Comment redimenssionner ma partition Windows en 15 Go et realouer mes 18 Go restant à ma tres chere partition MAC OS X ?....

Quelle est la manip la plus simple (je ne souhaite surtout pas reinstaller windows).

Merci à vous.

Cordialement, 
Mad.


----------



## Kiyoshi (20 Novembre 2006)

Bonjour !

Voila je serais toi je tenterais d'utiliser Partition Magic, mais voila je ne sais pas du tout si il est capable de redimensionner des partion sur un macbook, je serais toi j'attendrais des témoignages, car je ne suis vraiment pas sur, et je ne souhaite que tu plante ta partition windows ou les deux...

A bientôt !!!


----------



## Mad (20 Novembre 2006)

J'ai tenté le redimensionnement avec Partition Magic Version enregistré commerciale derniere version et celui ci plante au démarrage. Partition magic ne peut pas faire ces travaux.

J'ai parcouru un peu les forums Apple (en anglais) sur ce sujet precis de redimensionnement mais...

1, je ne suis pas expert ni en mac ni en anglais

En gros d'apres ce que j ai compris, cela consisterai à faire une image de la partition Windows avec tout ce qu'elle contient, supprimer la partition Windows a l aide de boot camp, reinstaller Bootcamp et copier l'image de la partition windows dans l'emplacement de la nouvelle partition redimensionner a la dimension voulu.

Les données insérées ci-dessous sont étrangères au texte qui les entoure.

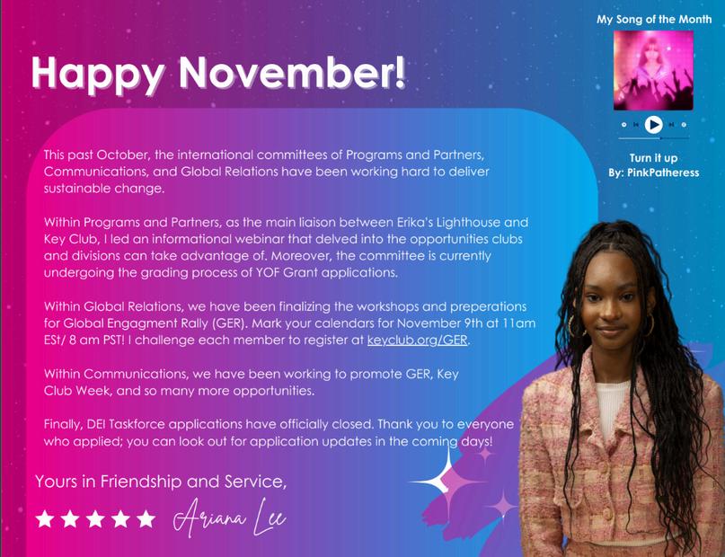 Key Club International GER will be held at 11 AM ET Saturday, November 9 on Zoom. Register for Global Engagement Rally TODAY!

mais....j'ai vraiment peur de faire des erreurs de manip.

Merci de votre aide.

Cordialement, 
BELMONTE FABIEN.


----------



## Anonyme (20 Novembre 2006)

Evite d'alouer 15go pour une utilisation de 15 go, sinon ton windows va ramer à mort !! Il faut quelques go de marge.


----------



## Mad (20 Novembre 2006)

Pas de probleme, je connais bien windaube, 5% de plus est obligatoire pour un fonctionnement correct de la machine.

le probleme est de faire toute la manip d avant.....


----------



## Zarvox (20 Novembre 2006)

J'ai la solution et gratos en plus ! 

Comme tu est novice je ne vais pas te donner les commandes à entrer dans le terminal mais la méthode full graphique.

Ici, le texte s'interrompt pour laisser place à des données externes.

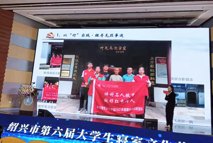 10月13日,绍兴市第六届大学生寝室文化节之党史学习教育宣讲先进团队评选活动和“走读绍兴 与越同行”项目展示大赛在浙江农业商贸职业学院举行。太阳“绍青培你说”大学生理论宣讲团荣获党史学习教育宣讲先进团队展示大赛二等奖;医药与健康分院“讲好名人故事,做好红色传人”项目荣获“走读绍兴 与越同行”项目展示大赛二等奖。

La solution s'appelle Gparted. Tu peux soit utiliser un LiveCD (Ubuntu convient bien). Il existe un LiveCD avec uniquement Gparted (version 0.3.1-1).

Il va t'afficher la liste des partitions du disque et il n'y à qu'à cliquer sur celle que tu veux redimensionner.

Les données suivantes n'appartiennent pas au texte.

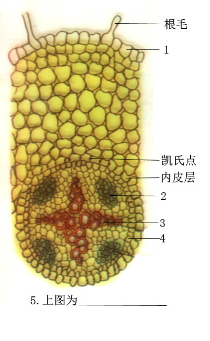 1. ________ 2. ________ 3. ________ 4. ________ 5. ________ A.表皮 B.初生韧皮部 C.初生木质部 D.中柱鞘 E.次生韧皮部 F.次生木质部 G.双子叶植物根的初生结构 H.禾本科植物根的结构 I.周皮 J.维管形成层
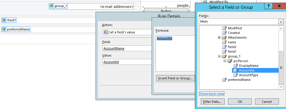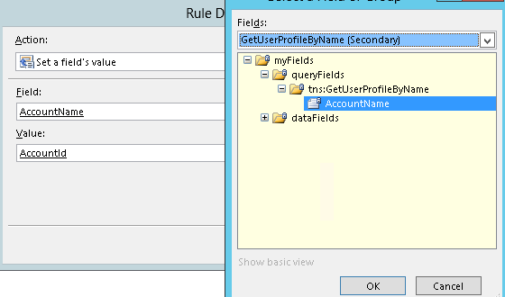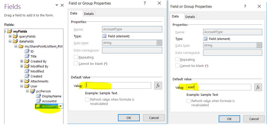 Now come back infopath design path again on right hand side Fields-> now right click on AccountType->right click on properties->in value text box->just type-user->click ok button.

Dans la fenêtre qui s'affiche la partition est représentée par une barre avec des flèches à chaque extrémité.

C'est la flèche de droite qui indique la taille maximale de ta partition. Déplace cette flèche vers la valeur qui te semble la meilleure et appuie sur OK. Ne touche à rien d'autre sous peine de foutre le souc dans la table des partitions et perdre toutes tes données.

Pour valider tes changements clique sur le Appliquer (le V vert).

Redémarre ton mac (sur mac os bien sûr) et constate le redimensionnement


----------



## Zarvox (20 Novembre 2006)

Kiyoshi a dit:


> Bonjour !
> Voila je serais toi je tenterais d'utiliser Partition Magic, mais voila je ne sais pas du tout si il est capable de redimensionner des partion sur un macbook, je serais toi j'attendrais des témoignages, car je ne suis vraiment pas sur, et je ne souhaite que tu plante ta partition windows ou les deux...



Partition Magic n'est pas encore adapté pour éditer la table des partitions des nouveaux mac (et des futurs PC) car sur les ordinateurs utilisant l'EFI (le succésseur du BIOS) la table des partitions se nomme GPT (anciennement MBR).

Unix nous apporte un outil adapté, Gparted, qui est relativement proche de Partition Magic dans son utilisation.

Il à une belle interface graphique est existe sous forme de LiveCD ou Live USB.


----------



## Mad (20 Novembre 2006)

J'ai lancer le Live CD de Gparted, mais l'application semble rechercher en vain mes partitions... ca cherche...ca cherche...c'est lent et ca marche pas. :/


----------



## Zarvox (20 Novembre 2006)

Je n'avait pas encore essayé le livecd sur ma machine car j'était au boulot sur pc, désolé  

Sur PC justement ce livecd fonctionne parfaitement.

En parcourant le forum de Gparted j'ai découvert qu'apparement c'est parce qu'il ne détecte pas le CD alors qu'il a booter dessus !

Bon passons à une autre méthode.

Tu peux utiliser le livecd d'Ubuntu 6.10, je te jure qu'il fonctionne sur mac je m'en suis encore servi il y à deux minutes, et lancer Gnome Partition Editor depuis le menu Systeme puis Administration.

Je te conseille de te documenter sur http://gparted.sourceforge.net.


----------



## boulifb (25 Novembre 2006)

redimensionner la partition windows???
ben tu la supprimes, tout simplement.

Utilise Windows sous Parallels, ça tournera 10x plus vite qu'en natif, et en plus tu ne gaspilleras pas de partition pour Windows dans la mesure où Parallels alloue l'espace disque virtuel au fur et à mesure de l'utilisation de Windows.


----------



## Zarvox (25 Novembre 2006)

boulifb a dit:


> Utilise Windows sous Parallels, ça tournera 10x plus vite qu'en natif, et en plus tu ne gaspilleras pas de partition pour Windows dans la mesure où Parallels alloue l'espace disque virtuel au fur et à mesure de l'utilisation de Windows.



Sauf si on à besoin de TOUTE la puissance de Windows.

Sur Parallels tu fait comment pour utiliser les applications 3D gourmandes ou même les derniers jeux sortis ?

Il y à aussi le fait que Parallels ne gère toujours pas parfaitement l'USB et que certains périphériques ne fonctionnent pas.


----------



## flotow (25 Novembre 2006)

boulifb a dit:


> Utilise Windows sous Parallels, ça tournera 10x plus vite qu'en natif.



Oui, c'est d'ailleur pour ca qu'Apple a sorti BootCamp :rateau:


----------



## boulifb (25 Novembre 2006)

Zarvox a dit:


> Sauf si on à besoin de TOUTE la puissance de Windows..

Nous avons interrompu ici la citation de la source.